Truth and advertising are never going to have an easy relationship, in the church or otherwise.  Are we any better at recognising and telling the truth about ourselves than any other organisation?

But the Church has a far more difficult problem than all this.  The Church has a product that, by its very nature, is hard to sell.  Just ask Jeremiah.  The prophets were in the advertising business, after all.  They were the original sandwich-board men – or perhaps I should say, the original fairground barkers.  They were God's P.R. men –his publicists.  Their job was to tell God's story.  And the better they were at it, the worse fate they suffered.  Jeremiah knew all about that.  This is how he sums up a typical working day in the advertising and publicity department of God's enterprise: I am ridiculed all day long; everyone mocks me...So the word of the Lord has brought me insult and reproach all day long. 

Why?  What was so awful about the message he was required to proclaim?  Well, he was to tell the people of his time that the nation was going to hell in a basket, or, more accurately, going to Babylonia in captivity.  That's a hard message to make appealing – that's a real hard sell, as we say in the advertising business.

And, of course, like Father like Son.  People are looking for peace in a troubled world, aren't they?  Okay, try selling them this: Do not suppose that I have come to bring peace to the earth.  I did not come to bring peace, but a sword.  In the time of the great anti-nuclear rallies of the 1970's and 1980's, a number of churches proudly advertised themselves as "Peace Churches".  It's a fair bet that none of them put that verse on their notice boards or other advertising material.

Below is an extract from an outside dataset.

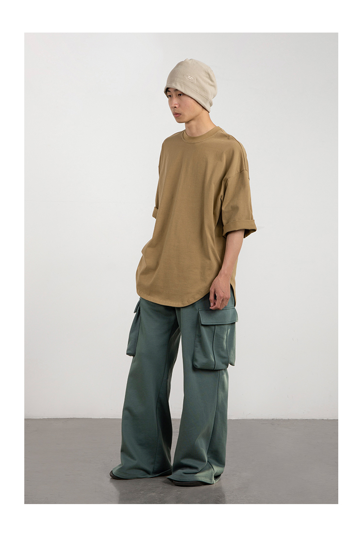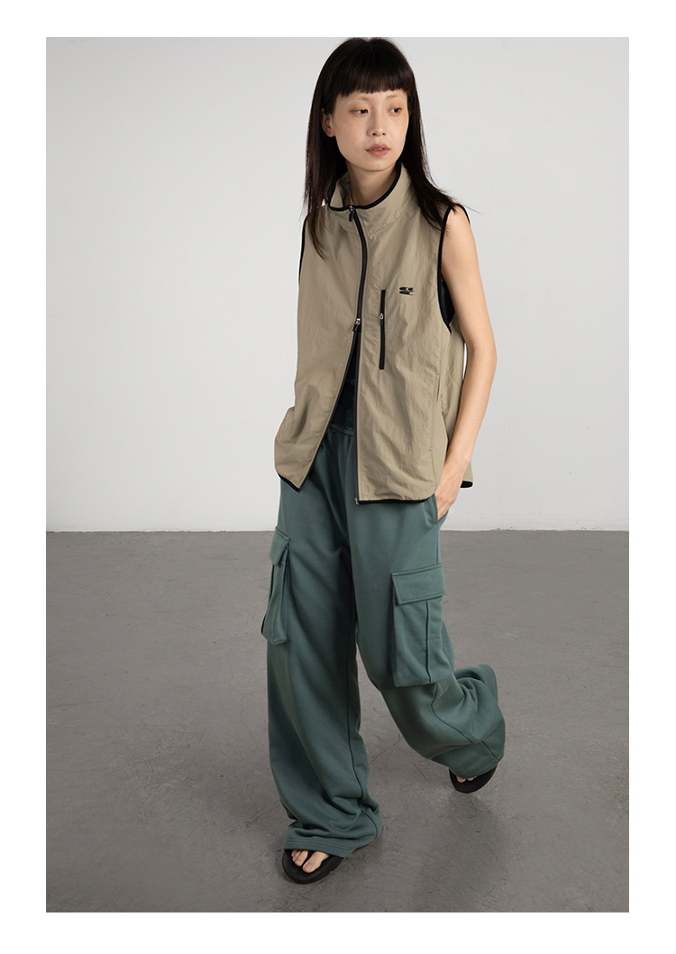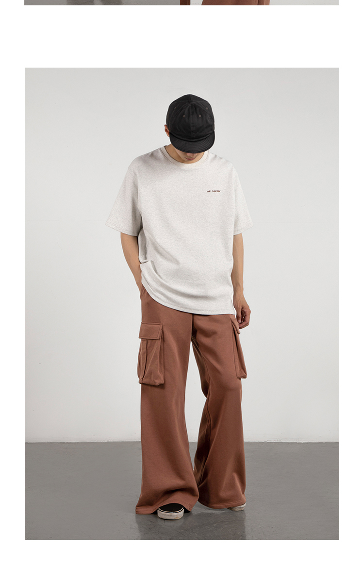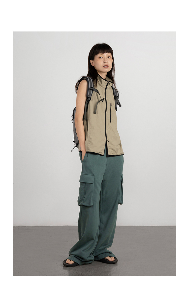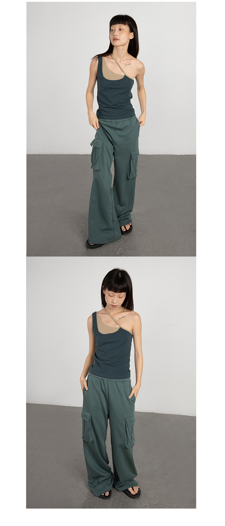 CryingCenter 砖粉灰绿 慵懒低腰针织工装口袋拖地长裤

And it's a fair bet that those churches that advertise themselves as family churches don't use the next bit either: For I have come to turn a man against his father, a daughter against her mother, a daughter-in-law against her mother-in-law – your enemies will be the members of your own household.  And he doesn't stop there: Anyone who loves father or mother more than me is not worthy of me; anyone who loves son or daughter more than me is not worthy of me.

That would tax the skills of the very best spin doctors in the world.  And they would fail.  Because there is no way of selling the Gospel in the absence of faith.  It makes no sense in the absence of faith.  Only if we can say with Jeremiah, despite everything, the Lord is with me does any of it make sense.  And no amount of advertising can convince us of that; only faith can convince us of that.

If we must have a notice board let it simply say this: We believe the Lord is here.  I guarantee that it will be no less successful than any other church notice board, and it will have the advantage of being true.